5. The results, of our Lord's instructions also serve to bring into view his official glory, or the efficiency and energy of all his offices. The gospel does this doctrinally, as he is the great subject of it. The whole gospel respects either directly or indirectly his person, offices, grace, and fullness. But at present we are to consider them as brought into view by their effects, in the salvation of his redeemed people. There was a glory connected with the decease our Lord accomplished at Jerusalem as a priest, which, in many respects, exceeds the glory connected with the calling of the universe into existence. As none but God could create the world, so none but God could redeem the church. The purchase of the church was the most wonderful effect of the grace, the, wisdom, and the power of God. But at the time it happened its real glory was veiled. To outward view it had no glory. But Christ's instructions as a prophet, by their saving effects upon the minds of men, and their general influence upon the moral character of society, also bring into view his energies as a king. In the application of salvation, the exercise of our Lord's prophetical office, and the exercise of his kingly office, are combined. "His word is with power." And the power of Christ as a king is put forth in a variety of ways. Before the sinner can be rescued from the dominion of Satan, by whom he has been led captive at his will, Satan must be bound. Christ, the stronger man, binds Satan the strong man, and spoils him of his goods. But the power of Christ must not only be put forth upon Satan, but also upon the sin-near himself. He is not only a captive, but a willing captive; and the pride, enmity, and carnality of his heart must be subdued, before he desert the camp of Satan, and come over to the standard of the Redeemer. And this is the effect of the power of Christ: "Thy people Shall be willing in the day of thy power," &c. Ps. cx. 3. Wherever the word of Christ as a prophet proves successful, therefore, for the, conversion of sinners, and the building up of saints in their most holy faith, his power as a king is gloriously brought into view. Hence the descriptions given of him as a prophet are uniformly combined with attributes that belong to him more especially as a king.

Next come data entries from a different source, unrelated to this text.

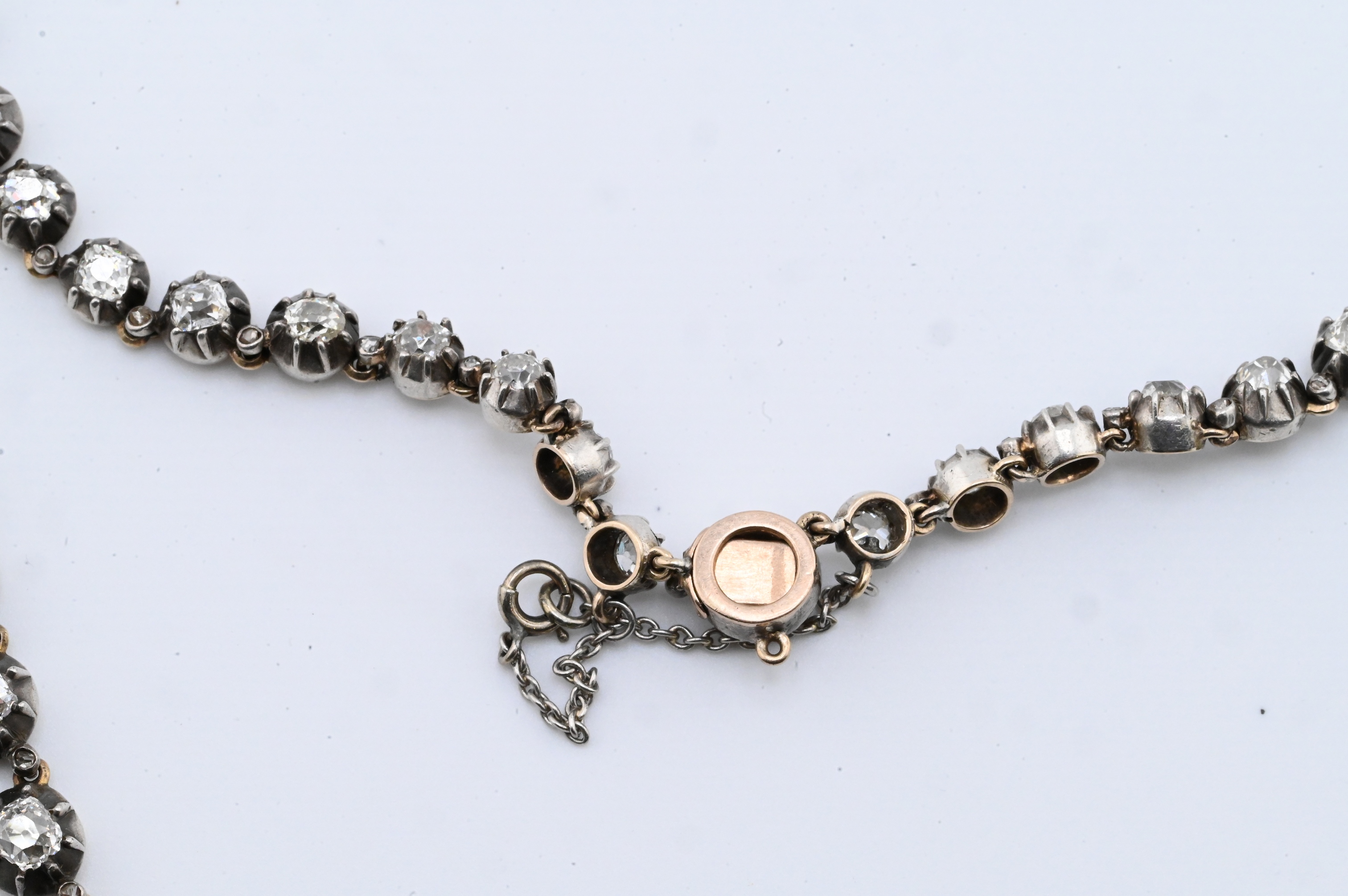 designed as a continuous graduated line of fifty-two old European-cut diamonds with a color grade of G-H and a clarity range of VS-SI, each stone mounted in an open-back silver collet over gold, linked together to form a flexible chain; terminating with a concealed clasp also accented with an old-cut diamond and fitted with an attached safety chain for security, late 18th to 19th century
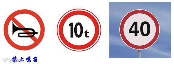 限制速度(路段内,机动车行驶速度不得超过标志所示数值。以图为例:限制行驶时速不得超过40公里)。
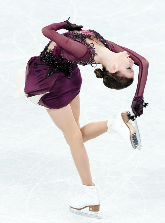 一席黑裙的特魯索娃倒數第四個出場,她成為第一位在冬奧會中完成五個四周跳的女選手,盡管有兩個四周跳完成得并不完美。最終,特魯索娃依靠這套技驚四座的表演獲得177.13分,并以251.73分的總成績獲得銀牌。
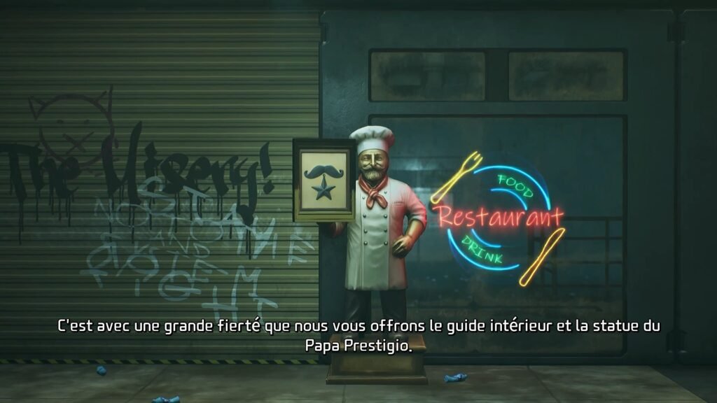 Le problème, c’est qu’en plus de n’avoir aucune direction artistique, ressemblant à un énième jeu de tir avec des assets Unreal Engine à la limite du libre de droit, Pizza Bandit ne s’embarrasse avec aucune règle venant apporter à une œuvre un minimum de bienséance visuelle. C’est d’une platitude folle, c’est vieillot et très linéaire, c’est un peu comme ces faux jeux vidéo des films des années 2000 et vraiment, ce n’est pas un beau compliment. On est sur une flemme intersidérale de la part des concepteurs. On dirait vraiment une Game Jam qui a mal tourné, financée curieusement par Krafton qui a apparemment davantage d’argent à jeter par les fenêtres que prévu. Et pourtant…
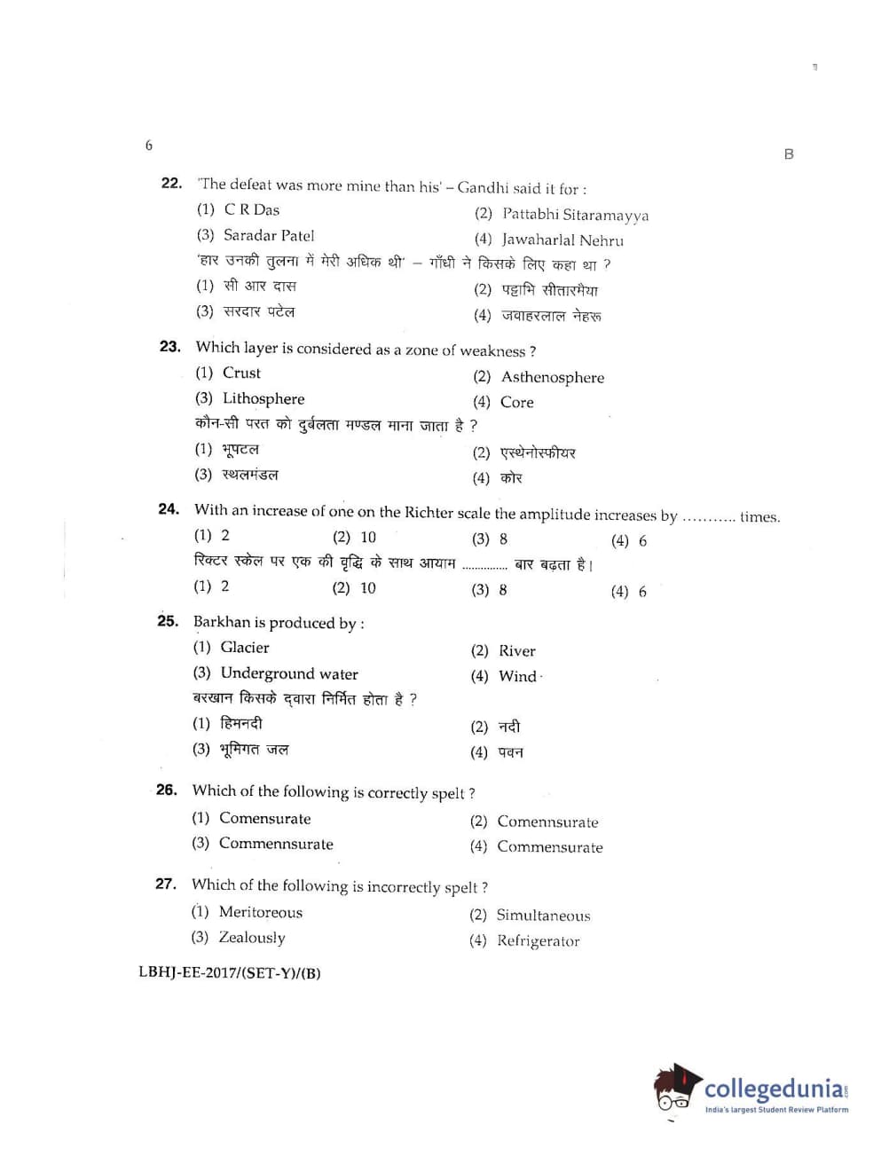 | MDUCEE 2017 LL.B-3 Years Set B Question Paper PDF | MDUCEE 2017 LL.B-3 Years Set B Answer Key PDF |
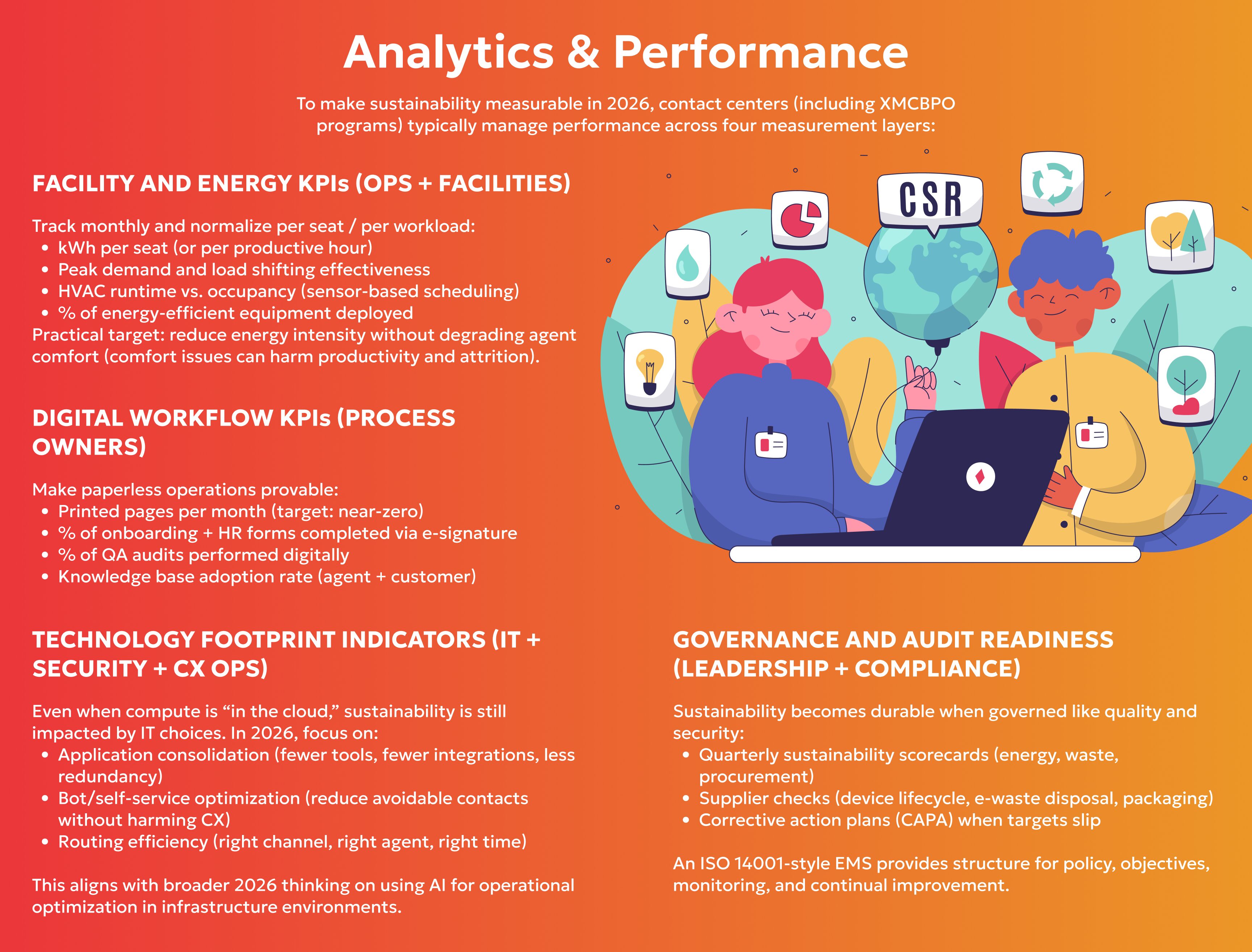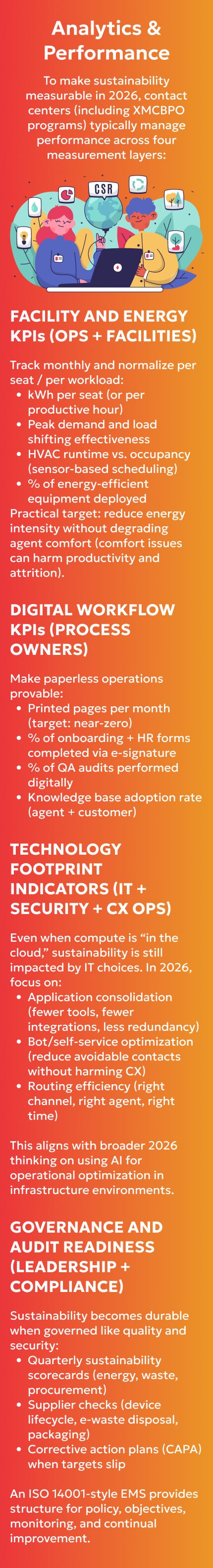 In 2026, sustainability in contact centers is moving from “good PR” to operational discipline—driven by client ESG requirements, energy-cost pressure, and growing scrutiny of digital infrastructure (especially cloud and data center energy use). Contact centers are responding with greener facilities, smarter IT, and more efficient operating models that reduce emissions without sacrificing CX.
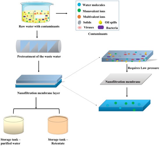 One of the main techniques involves using nanoparticles [142,143,144]. Nanofiltration is an effective method for the removal of large organic materials and average-sized minerals, but is not applicable to low-molecular weight organic substances such as methanol, because these membranes operate at very low pressures (Figure 6) [119]. Membranes used for nanofiltration are made of cellulose acetate blends or polyamide composites. The modified versions of UF membranes include sulfonated polysulfone. In the nanofiltration process, the wastewater is fed into the inlet and the incoming stream is separated into two parts: the permeate, which is the filtered component, and retentate, or concentrate, which is the non-filtered fraction that is rejected. NF is capable of successfully removing organic matter, and works on the principle of the application of hydrostatic pressure, which is used to convey a molecular mixture to the membrane’s surface. When pressure is applied, solvents and low-molecular weight solutes pass through the membrane, while other components are trapped. This is sufficient to eliminate ions that contribute significantly to osmotic pressure, resulting in reduced operating pressures. As soluble fractions cannot be eliminated by nanofilter membranes, highly contaminated fluids require a pretreatment process [140]. Nanofiltration membrane’s removal rates depend on the target antibiotic molecule; where macrolides have been removed with an efficiency rate of 80 to 95%. In a study using self-made polyethersulfone membrane nanofilters, the removal efficiency of the antibiotic amoxicillin was found to be 99.09% at a temperature of 298 K and pressure of 2 MPa [145,146].

But we are not to confine our attention to the grace of God as exhibited in the supernatural doctrines, free offers, and calls of the gospel; we must attend also to the power of that grace displayed in them who believe, in turning them from darkness unto light, and from the power of Satan unto God. It is power of no ordinary kind, and even no ordinary display of divine power, but such a display of it as corresponds with the exceeding greatness of that power manifested in raising Christ from the dead.
The trophies of God's converting and saving grace have often, prior to their conversion, been persons of most profligate character; or, if of more sober habits, persons whose hearts seemed to be steeled with the most deep rooted prejudices against the truth as it is in Jesus. But the grace of God has proved all-powerful for "casting down imaginations, and every high thing that exalteth itself against the knowledge of God, and for bringing into captivity every thought to the obedience of Christ." 2 Cor. x. 5.
SECTION VIII.
GENERAL REMARKS ON THE PRIESTLY OFFICE OF CHRIST.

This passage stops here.